Elliptic Flow: A Brief Review

TL;DR

This paper reviews the concept of elliptic flow in ultra-relativistic heavy-ion collisions, discussing its significance in understanding matter under extreme conditions similar to those in the early universe and neutron star cores.

Contribution

It provides a concise overview of elliptic flow measurements and their role in probing the properties of quark-gluon plasma in high-energy nuclear collisions.

Findings

Elliptic flow measurements have advanced with energies from RHIC to LHC.

Elliptic flow helps characterize the early-stage dynamics of heavy-ion collisions.

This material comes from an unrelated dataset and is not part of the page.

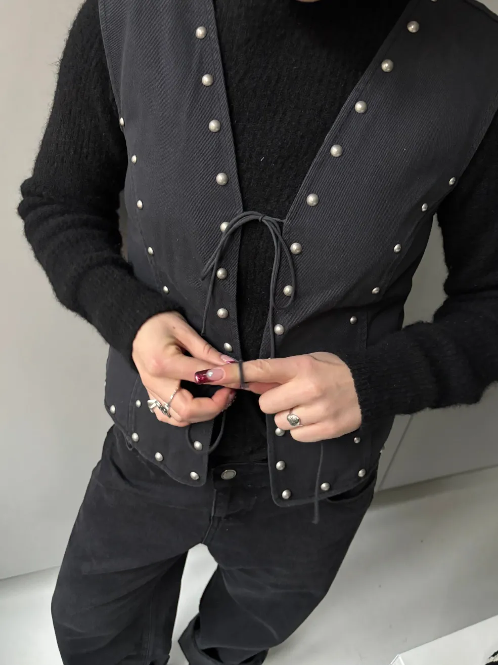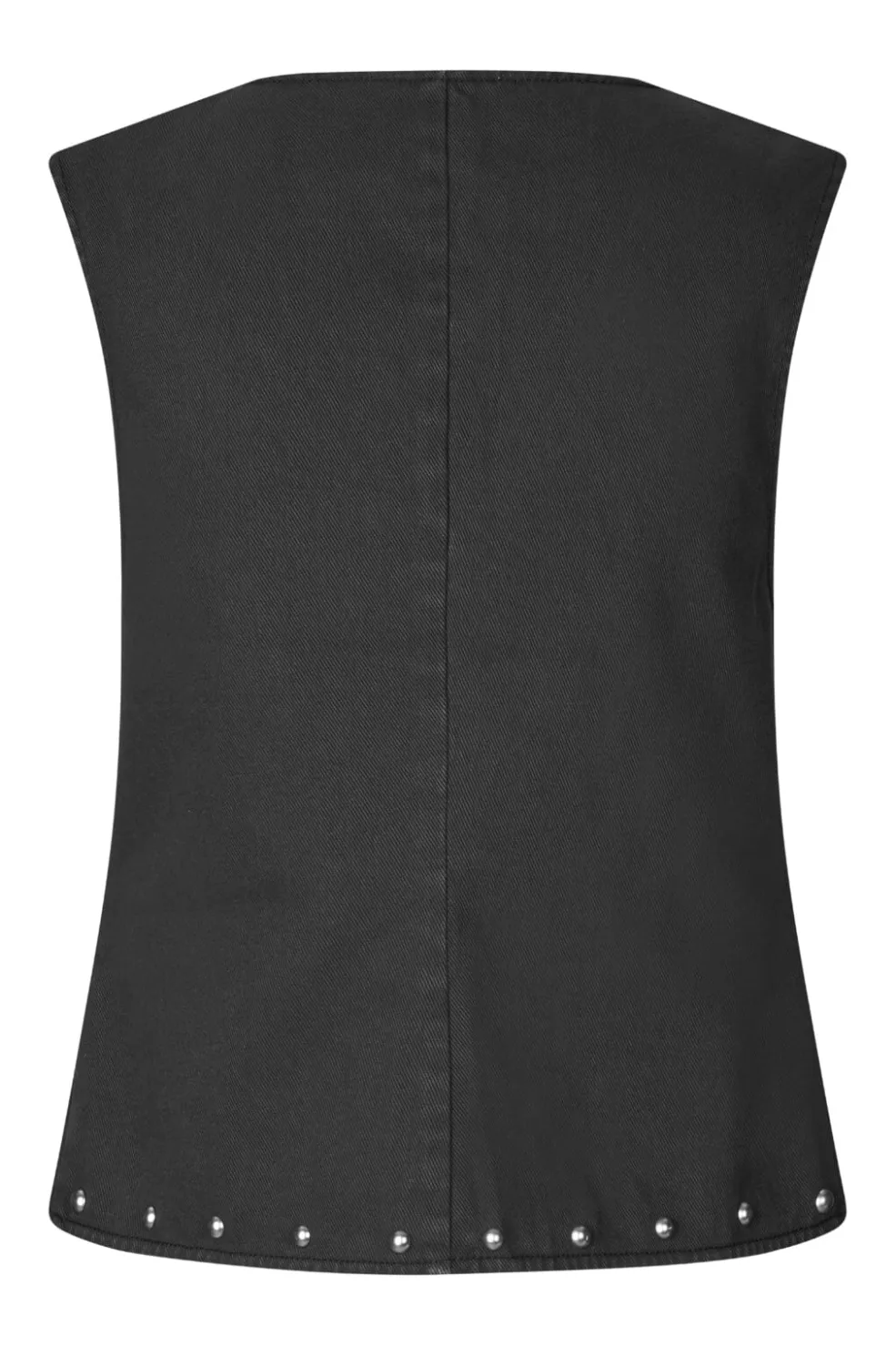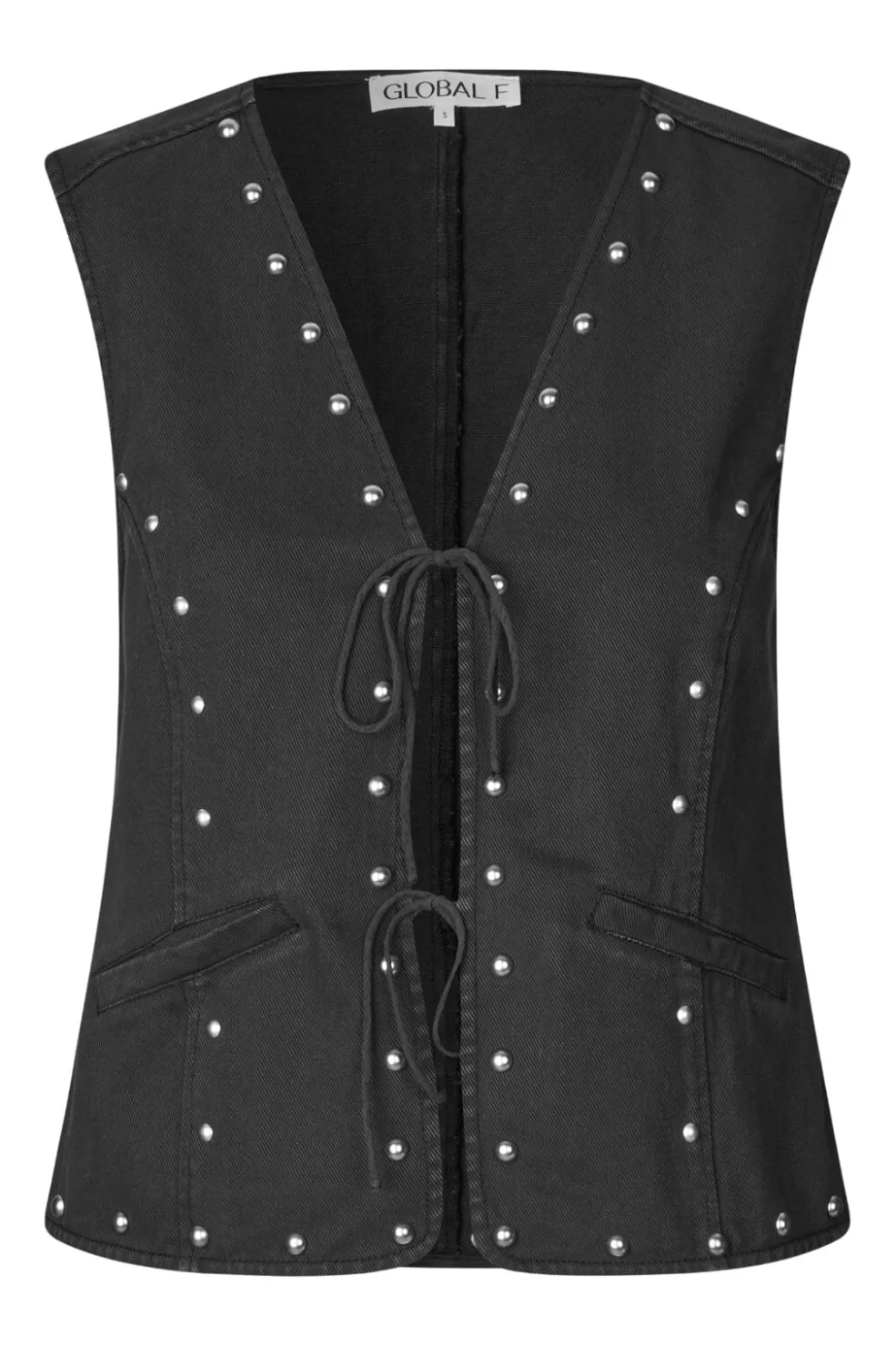 Ærmeløs vest fra Global Funk i vasket sort bomuld. Vesten har en V-udskæring, perledetaljer langs kanten og en snørelukning i midten. To praktiske lommer fuldender designet.

Current data supports the formation of a strongly interacting quark-gluon plasma.

Abstract

One of the fundamental questions in the field of subatomic physics is what happens to matter at extreme densities and temperatures as may have existed in the first microseconds after the Big Bang and exists, perhaps, in the core of dense neutron stars. The aim of heavy-ion physics is to collide nuclei at very high energies and thereby create such a state of matter in the laboratory. The experimental program started in the 1990's with collisions made available at the Brookhaven Alternating Gradient Synchrotron (AGS), the CERN Super Proton Synchrotron (SPS) and continued at the Brookhaven Relativistic Heavy-Ion Collider (RHIC) with maximum center of mass energies of 4.75, 17.2 and 200 GeV respectively. Collisions of heavy-ions at the unprecedented energy of 2.76 TeV have recently become available at the LHC collider at CERN. In this review I will give a brief introduction to the physics of ultra-relativistic heavy-ion collisions and discuss the current status of elliptic flow measurements.